[olug] Web Site Certificates - OT

Dan Anderson dan-anderson at cox.net
Thu Jul 31 22:51:30 UTC 2008


On Thu, Jul 31, 2008 at 4:57 PM, Will Langford <unfies at gmail.com> wrote:
> re: CACert
> If an SSL cert is invalid or is spoofed or however you wanna befall evil.
> Can you return to the original root cert issuer and complain ?  Can someone
> be held liable ?  What if the original root cert gets compromised and
> someone creates some bogus signages ?

Yes, you can complain (as I recall you are obligated to notify them)
and there is some very limited liability.

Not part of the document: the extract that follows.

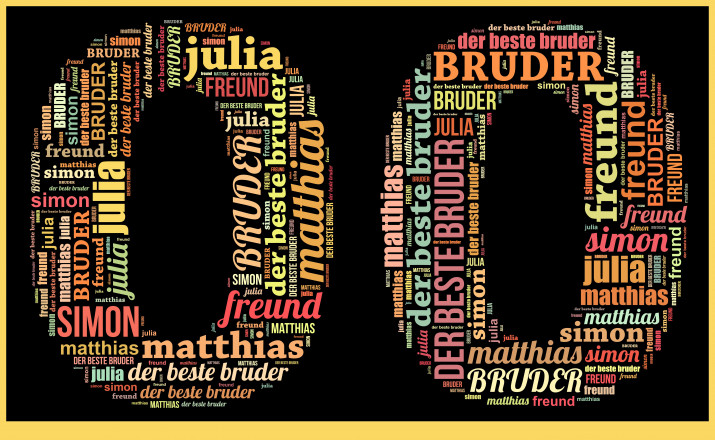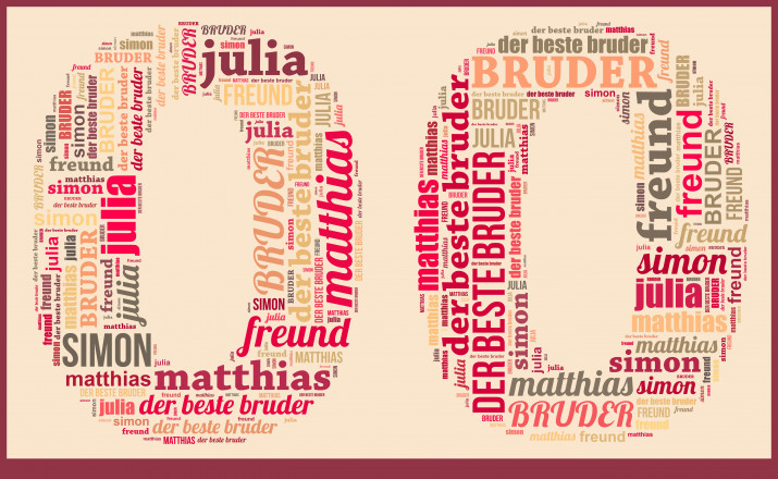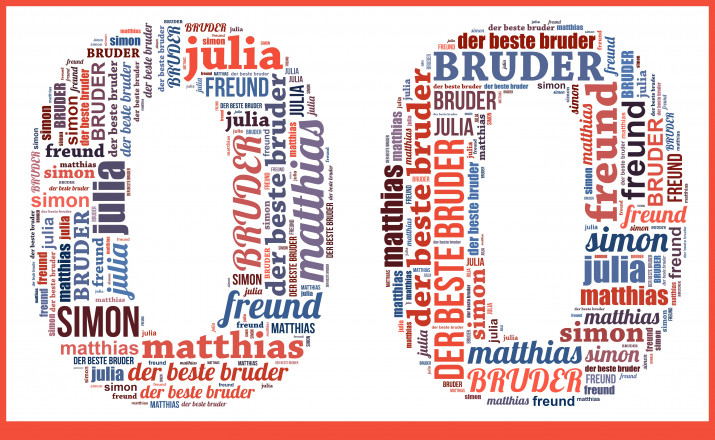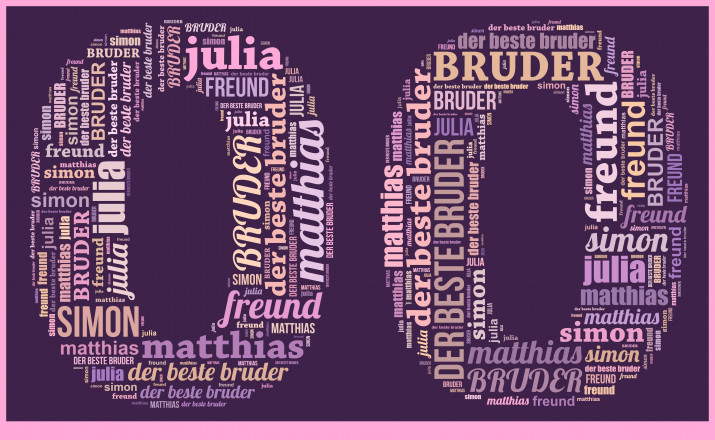 Das Wortbild ist ein außergewöhnliches Leinwandbild aus Ihren Worten. Sie können damit einer Ihnen nahestehenden Person Wünsche oder eine romantische Nachricht auf eine originelle Weise übermitteln. Indem Sie das Bild personalisieren, schaffen Sie ein einzigartiges Geschenk.Personalisierung

> In short -- while having  a central trusted signing area is needed, is it
> generally a farce to charge more than a buck or two for the service because
> some automated script generates signage for the client to use on their
> domains ?

All commercial CAs do some sort of validation, in my experience the
expensive CAs do a bit more.

> How does $200 buy you better protection than $2 ?

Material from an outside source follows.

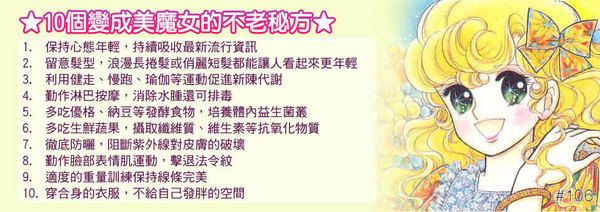 阿泰最後把各個美魔女的保養心法整理成10條,如果未來有志成為不老妖怪青春有駐的美中年的話,不妨從現在就開始努力實行吧!(點擊可看大圖,至於為什麼是喬琪?因為她的年紀也真的夠格稱為美魔女了...)

It mostly buys you better support and compatibility (and probably
better infrastructure).  GoDaddy is cheap, but if you want lots of
technical support the bigger, more expensive players are probably a
better match.

There's also some piece of mind that comes with selecting a CA that
has been in business since the mid-90's and still has a good
reputation.  If WellsFargo trusts Verisign for their SSL, it is
probably good enough for lawn-darts.com.  Similarly, you might be able
to buy auto insurance from "Bob's Insurance and Bait" but you might be
better off with State Farm. (I realise this is kind of FUD'y, but at
least for me it plays into the equation - maybe $1000 for a cert is
not out of line if it is protecting millions of dollars in
transactions).

>  How does the
> $20/year I pay maintain the original ~4k of data that the master cert is ?

The $20 a year pays for a tiny bit of the infrastructure and support
(including validation).

> For my $20 do I get retribution if evil is afoot ?

Not much, but you get some degree of protection and maybe you
practiced "due care" to protect your site.